Option B: manual extraction fallback¶

If you prefer manual extraction, keep using pre-extracted artifacts with:

DBT_NOVA_STORAGE_DIR
DBT_NOVA_STORAGE_INSTANCE_ID
DBT_NOVA_STORAGE_READ_ONLY=true

If you extracted models separately, set:

DBT_NOVA_EMBEDDINGS_CACHE_DIR to the extracted models directory.

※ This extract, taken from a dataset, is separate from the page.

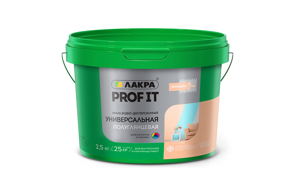 Универсальная водно-дисперсионная эмаль Лакра PROF IT полуглянцевая, база А, 2.5 кг Лк-00010494

Manual retrieval examples¶

S3:

aws s3 cp s3://my-bucket/nova-assets/prod/<artifact_name_storage>.tar.gz .
tar -xzf <artifact_name_storage>.tar.gz

GCS:

gcloud storage cp gs://my-bucket/nova-assets/prod/<artifact_name_storage>.tar.gz .
tar -xzf <artifact_name_storage>.tar.gz

DBFS (Databricks CLI):

databricks fs cp dbfs:/FileStore/projects/my-project/nova-assets/prod/<artifact_name_storage>.tar.gz .
tar -xzf <artifact_name_storage>.tar.gz

Compatibility guidance¶

Keep producer and consumer on the same released Nova version when possible.
storage_instance_id must match between producer and consumer.
Consumer manifest content must match the producer-built manifest hash. Path differences are allowed; content differences are not.
Metadata contract version must be compatible (v1 currently).

Failure modes and fixes¶

Symptom	Likely cause	Fix
`Storage is read-only and no reusable index is available`	Missing storage files, mismatched `storage_instance_id`, or manifest content mismatch	Re-download artifacts, verify instance id, verify manifest is identical to producer input
Metadata contract validation fails	Missing/corrupt `nova-build-metadata.json` or unsupported contract version	Re-run producer and consume both storage + metadata artifacts together
Health passes but embeddings are missing	Models artifact not provided in consumer setup	Native mode: set `DBT_NOVA_MODELS_ARTIFACT_URI` to the producer models artifact URI. Manual mode: extract models artifact and set `DBT_NOVA_EMBEDDINGS_CACHE_DIR`.